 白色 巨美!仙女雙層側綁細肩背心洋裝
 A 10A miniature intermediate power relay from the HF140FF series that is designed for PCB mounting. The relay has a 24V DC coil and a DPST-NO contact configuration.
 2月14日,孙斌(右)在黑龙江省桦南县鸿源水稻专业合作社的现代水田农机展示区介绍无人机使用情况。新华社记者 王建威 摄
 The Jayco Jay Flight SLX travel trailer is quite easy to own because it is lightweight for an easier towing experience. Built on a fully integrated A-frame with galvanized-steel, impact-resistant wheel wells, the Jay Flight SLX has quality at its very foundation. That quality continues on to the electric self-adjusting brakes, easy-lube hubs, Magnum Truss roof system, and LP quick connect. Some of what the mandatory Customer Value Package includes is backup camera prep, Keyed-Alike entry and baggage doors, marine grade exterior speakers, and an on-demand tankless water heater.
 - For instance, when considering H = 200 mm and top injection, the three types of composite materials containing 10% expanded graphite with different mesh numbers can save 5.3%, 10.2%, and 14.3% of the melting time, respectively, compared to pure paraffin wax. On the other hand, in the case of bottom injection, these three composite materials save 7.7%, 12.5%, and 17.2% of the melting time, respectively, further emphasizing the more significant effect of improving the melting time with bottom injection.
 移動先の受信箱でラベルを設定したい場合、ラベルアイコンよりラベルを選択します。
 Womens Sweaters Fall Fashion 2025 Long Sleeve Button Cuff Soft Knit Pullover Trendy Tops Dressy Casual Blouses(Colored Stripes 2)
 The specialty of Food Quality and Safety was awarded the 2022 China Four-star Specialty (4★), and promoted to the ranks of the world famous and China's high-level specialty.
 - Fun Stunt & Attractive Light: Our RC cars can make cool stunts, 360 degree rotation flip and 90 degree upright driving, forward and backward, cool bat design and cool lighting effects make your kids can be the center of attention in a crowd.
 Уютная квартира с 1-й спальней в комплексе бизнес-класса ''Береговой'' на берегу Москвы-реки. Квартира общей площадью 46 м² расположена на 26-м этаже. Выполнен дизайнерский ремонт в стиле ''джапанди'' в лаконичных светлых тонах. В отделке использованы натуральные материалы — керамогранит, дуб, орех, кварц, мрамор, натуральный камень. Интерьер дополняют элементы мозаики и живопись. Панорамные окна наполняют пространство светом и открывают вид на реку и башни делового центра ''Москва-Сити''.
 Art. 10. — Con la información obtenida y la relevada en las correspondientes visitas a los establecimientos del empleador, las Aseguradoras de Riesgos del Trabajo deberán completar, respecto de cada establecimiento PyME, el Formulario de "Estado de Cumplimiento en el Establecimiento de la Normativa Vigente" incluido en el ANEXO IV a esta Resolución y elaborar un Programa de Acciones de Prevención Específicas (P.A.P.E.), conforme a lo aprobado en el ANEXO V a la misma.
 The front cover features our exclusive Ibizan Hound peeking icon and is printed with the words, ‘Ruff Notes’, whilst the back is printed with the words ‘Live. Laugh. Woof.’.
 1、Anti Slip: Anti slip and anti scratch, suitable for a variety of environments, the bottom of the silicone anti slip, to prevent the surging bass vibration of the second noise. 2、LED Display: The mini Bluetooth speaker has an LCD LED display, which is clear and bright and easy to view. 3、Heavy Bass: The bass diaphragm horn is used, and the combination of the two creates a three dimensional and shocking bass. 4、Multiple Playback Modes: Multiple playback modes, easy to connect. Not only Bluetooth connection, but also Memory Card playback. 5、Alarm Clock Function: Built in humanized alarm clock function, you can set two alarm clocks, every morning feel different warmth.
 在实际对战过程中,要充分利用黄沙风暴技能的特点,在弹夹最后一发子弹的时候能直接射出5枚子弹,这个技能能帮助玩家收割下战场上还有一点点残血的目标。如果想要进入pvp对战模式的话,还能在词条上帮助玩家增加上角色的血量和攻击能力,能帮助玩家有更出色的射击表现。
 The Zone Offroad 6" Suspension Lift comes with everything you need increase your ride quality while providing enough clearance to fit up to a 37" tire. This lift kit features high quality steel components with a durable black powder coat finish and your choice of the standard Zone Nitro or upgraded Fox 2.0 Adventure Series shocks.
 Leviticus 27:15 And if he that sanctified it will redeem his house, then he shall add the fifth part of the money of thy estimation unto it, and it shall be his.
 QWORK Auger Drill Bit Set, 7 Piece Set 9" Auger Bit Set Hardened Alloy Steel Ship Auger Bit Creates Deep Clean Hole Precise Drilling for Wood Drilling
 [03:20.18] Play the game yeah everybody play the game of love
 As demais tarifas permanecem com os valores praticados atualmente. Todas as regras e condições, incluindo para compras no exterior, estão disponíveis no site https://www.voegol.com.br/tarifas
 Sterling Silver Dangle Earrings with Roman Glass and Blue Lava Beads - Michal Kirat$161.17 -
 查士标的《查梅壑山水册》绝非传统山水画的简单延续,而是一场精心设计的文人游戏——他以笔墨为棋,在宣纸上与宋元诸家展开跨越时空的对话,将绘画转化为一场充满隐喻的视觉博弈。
**********
* **WHAT THE TASK REQUIRES**:
Repeat only the lines above, from the first line of the entries through the line that contains "The Jayco Jay", including both ends.

* **REPLY**:
 白色 巨美!仙女雙層側綁細肩背心洋裝
 A 10A miniature intermediate power relay from the HF140FF series that is designed for PCB mounting. The relay has a 24V DC coil and a DPST-NO contact configuration.
 2月14日,孙斌(右)在黑龙江省桦南县鸿源水稻专业合作社的现代水田农机展示区介绍无人机使用情况。新华社记者 王建威 摄
 The Jayco Jay Flight SLX travel trailer is quite easy to own because it is lightweight for an easier towing experience. Built on a fully integrated A-frame with galvanized-steel, impact-resistant wheel wells, the Jay Flight SLX has quality at its very foundation. That quality continues on to the electric self-adjusting brakes, easy-lube hubs, Magnum Truss roof system, and LP quick connect. Some of what the mandatory Customer Value Package includes is backup camera prep, Keyed-Alike entry and baggage doors, marine grade exterior speakers, and an on-demand tankless water heater.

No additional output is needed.